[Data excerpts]
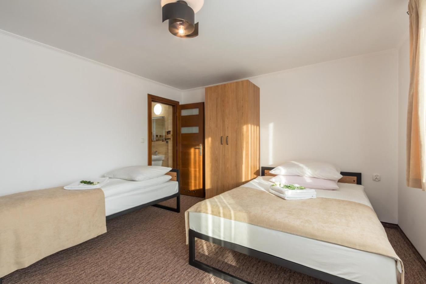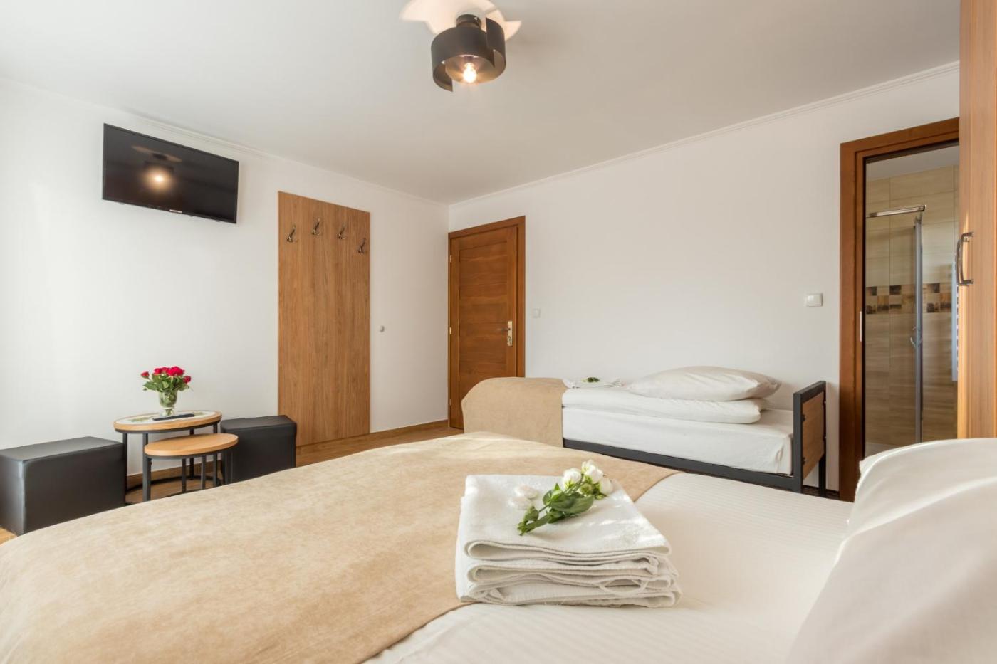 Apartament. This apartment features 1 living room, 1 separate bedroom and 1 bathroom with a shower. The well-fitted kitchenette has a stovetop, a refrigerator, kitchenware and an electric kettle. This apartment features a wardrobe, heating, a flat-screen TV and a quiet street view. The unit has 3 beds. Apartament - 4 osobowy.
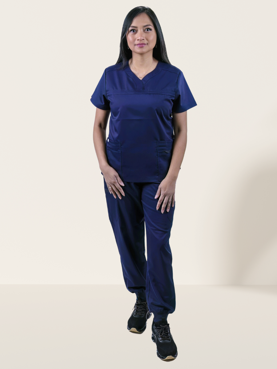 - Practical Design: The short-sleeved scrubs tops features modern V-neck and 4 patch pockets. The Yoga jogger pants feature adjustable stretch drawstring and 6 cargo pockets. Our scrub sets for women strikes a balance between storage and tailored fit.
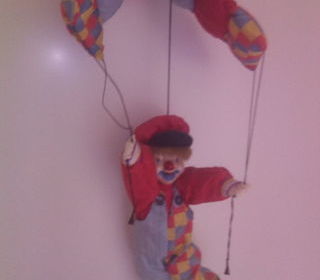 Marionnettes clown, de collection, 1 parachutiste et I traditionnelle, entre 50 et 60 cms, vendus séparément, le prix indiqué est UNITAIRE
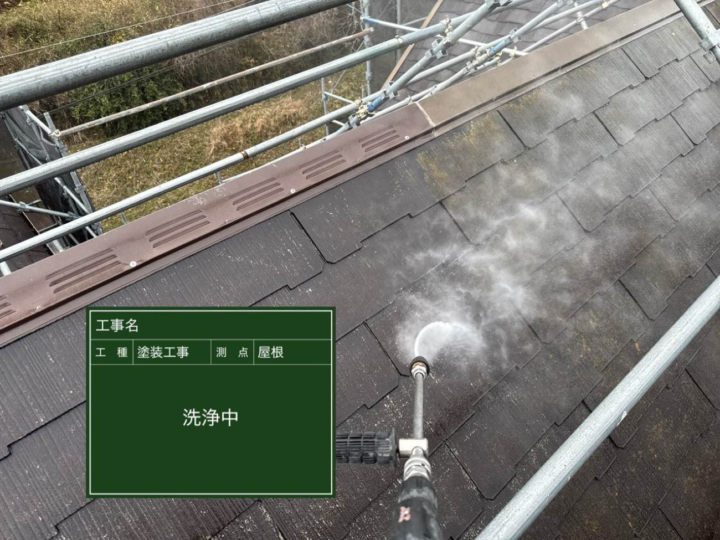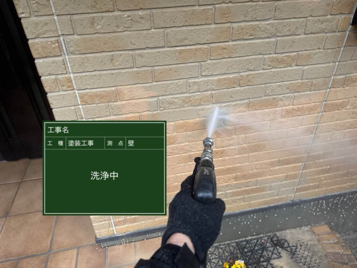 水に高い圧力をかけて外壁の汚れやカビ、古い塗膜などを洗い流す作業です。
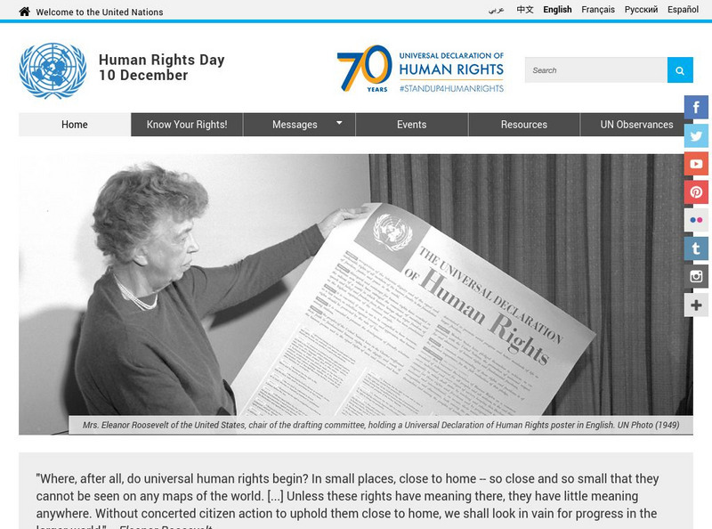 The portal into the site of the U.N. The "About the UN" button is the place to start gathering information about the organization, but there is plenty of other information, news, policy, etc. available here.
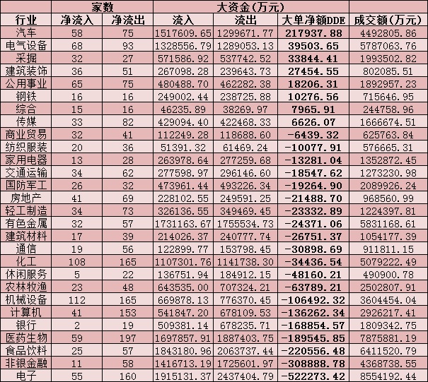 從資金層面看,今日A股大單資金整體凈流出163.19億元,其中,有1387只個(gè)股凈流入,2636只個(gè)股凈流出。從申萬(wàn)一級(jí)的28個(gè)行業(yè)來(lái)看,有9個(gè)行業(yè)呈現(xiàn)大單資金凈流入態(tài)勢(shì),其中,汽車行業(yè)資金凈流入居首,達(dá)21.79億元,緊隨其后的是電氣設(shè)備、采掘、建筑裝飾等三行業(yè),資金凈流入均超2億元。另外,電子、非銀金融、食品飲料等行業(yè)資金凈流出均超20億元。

* REQUIRED WORK *
Write out the entries above verbatim; the pictures do not belong in your copy.

* WRITTEN SOLUTION *
 Apartament. This apartment features 1 living room, 1 separate bedroom and 1 bathroom with a shower. The well-fitted kitchenette has a stovetop, a refrigerator, kitchenware and an electric kettle. This apartment features a wardrobe, heating, a flat-screen TV and a quiet street view. The unit has 3 beds. Apartament - 4 osobowy.
 - Practical Design: The short-sleeved scrubs tops features modern V-neck and 4 patch pockets. The Yoga jogger pants feature adjustable stretch drawstring and 6 cargo pockets. Our scrub sets for women strikes a balance between storage and tailored fit.
 Marionnettes clown, de collection, 1 parachutiste et I traditionnelle, entre 50 et 60 cms, vendus séparément, le prix indiqué est UNITAIRE
 水に高い圧力をかけて外壁の汚れやカビ、古い塗膜などを洗い流す作業です。
 The portal into the site of the U.N. The "About the UN" button is the place to start gathering information about the organization, but there is plenty of other information, news, policy, etc. available here.
 從資金層面看,今日A股大單資金整體凈流出163.19億元,其中,有1387只個(gè)股凈流入,2636只個(gè)股凈流出。從申萬(wàn)一級(jí)的28個(gè)行業(yè)來(lái)看,有9個(gè)行業(yè)呈現(xiàn)大單資金凈流入態(tài)勢(shì),其中,汽車行業(yè)資金凈流入居首,達(dá)21.79億元,緊隨其后的是電氣設(shè)備、采掘、建筑裝飾等三行業(yè),資金凈流入均超2億元。另外,電子、非銀金融、食品飲料等行業(yè)資金凈流出均超20億元。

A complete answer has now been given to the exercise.